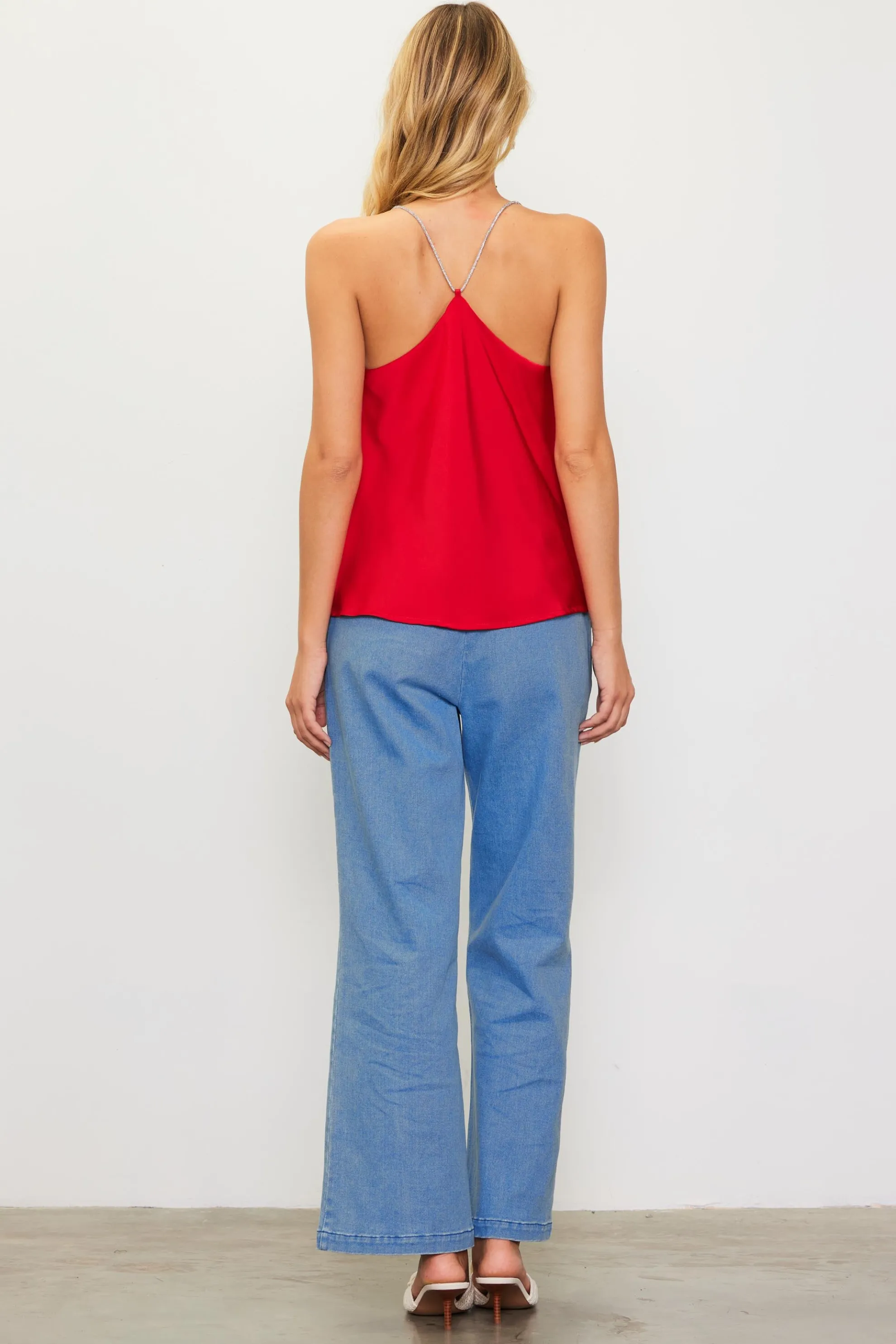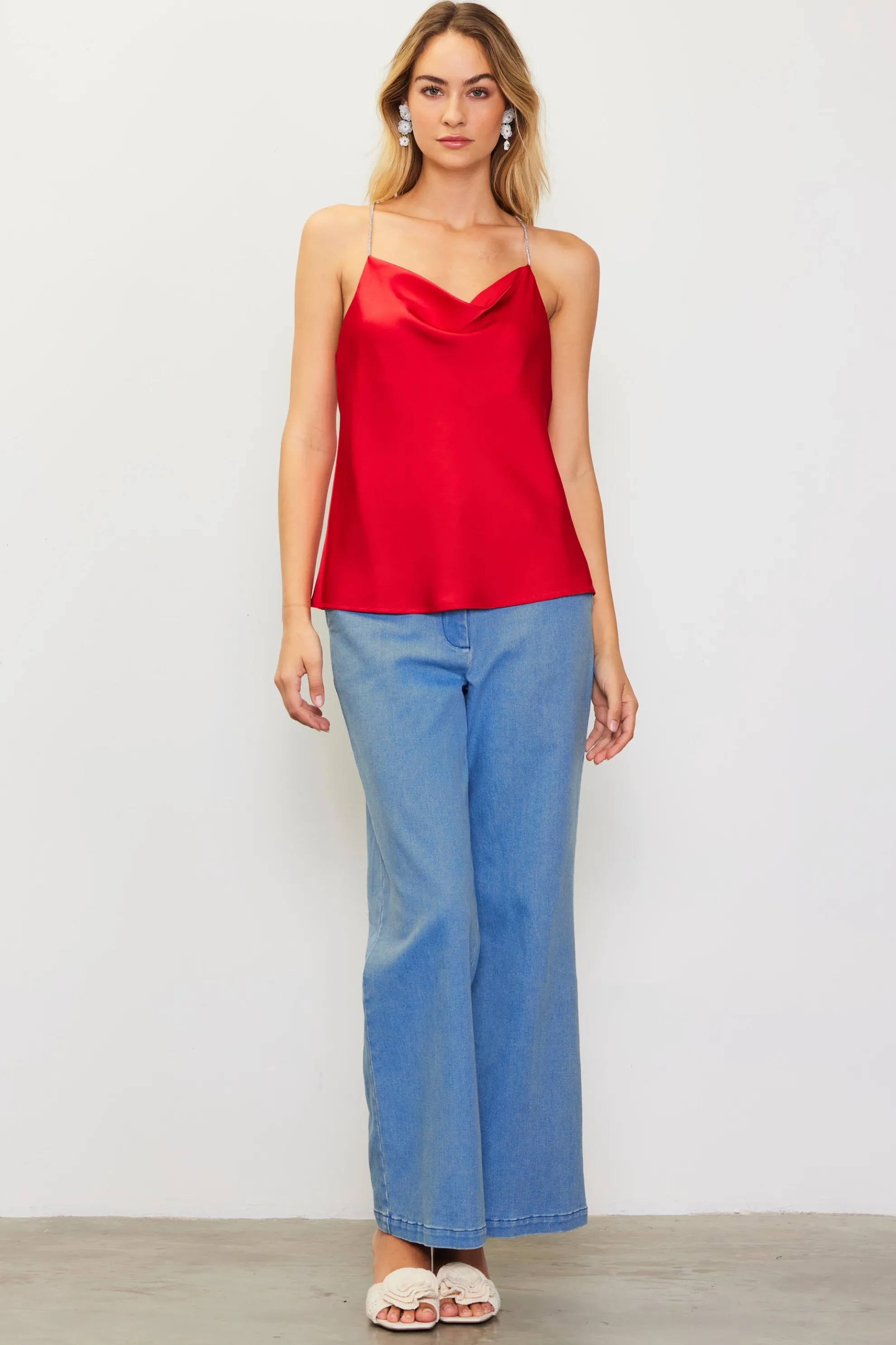 A slinky cami top serves up a bit of twinkle. Accented by embellished spaghetti straps, this occasion-ready number has a draped cowl neckline and a subtle halter-style back. Perfect for your holiday party looks.
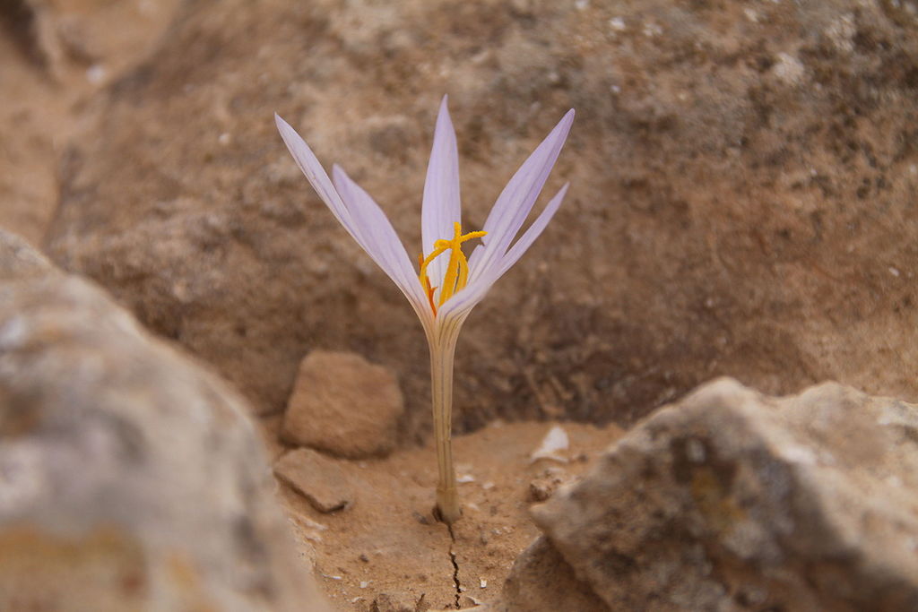 Original : A low plant with a corm. It keeps growing from year to year. There are 4-5 leaves and these are grey-green. They are 1-2 mm wide. The leaves are absent at flowering time. The flowers are white to deep lilac-blue. The throat is pale yellow and there can be purple veins on the outside. The flower styles are divided into many pale orange branches{{{0(+x).
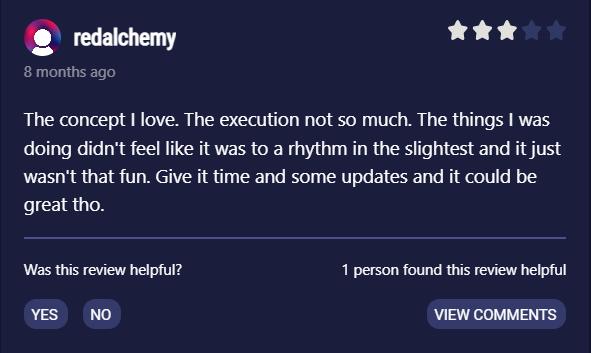 SideQuest玩家評論:游戲概念是我喜歡的,但是游戲的打擊感和節(jié)奏感并不強(qiáng),而且玩起來趣味性也不夠,期待后續(xù)更新優(yōu)化能夠讓這款游戲的體驗(yàn)越來越棒。
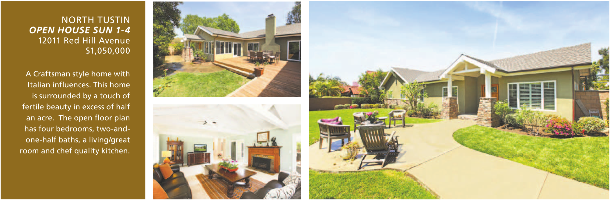 NORTH TUSTIN OPEN HOUSE SUN 1-4 12011 Red Hill Avenue $1,050,000 A Craftsman style home with Italian influences. This home is surrounded by a touch of fertile beauty in excess of half an acre. The open floor plan has four bedrooms, two-andone-half baths, a living/great room and chef quality kitchen.

# Work instruction
The whole listing above must be duplicated word for word, apart from its pictures.

# Reply to the exercise
 A slinky cami top serves up a bit of twinkle. Accented by embellished spaghetti straps, this occasion-ready number has a draped cowl neckline and a subtle halter-style back. Perfect for your holiday party looks.
 Original : A low plant with a corm. It keeps growing from year to year. There are 4-5 leaves and these are grey-green. They are 1-2 mm wide. The leaves are absent at flowering time. The flowers are white to deep lilac-blue. The throat is pale yellow and there can be purple veins on the outside. The flower styles are divided into many pale orange branches{{{0(+x).
 SideQuest玩家評論:游戲概念是我喜歡的,但是游戲的打擊感和節(jié)奏感并不強(qiáng),而且玩起來趣味性也不夠,期待后續(xù)更新優(yōu)化能夠讓這款游戲的體驗(yàn)越來越棒。
 NORTH TUSTIN OPEN HOUSE SUN 1-4 12011 Red Hill Avenue $1,050,000 A Craftsman style home with Italian influences. This home is surrounded by a touch of fertile beauty in excess of half an acre. The open floor plan has four bedrooms, two-andone-half baths, a living/great room and chef quality kitchen.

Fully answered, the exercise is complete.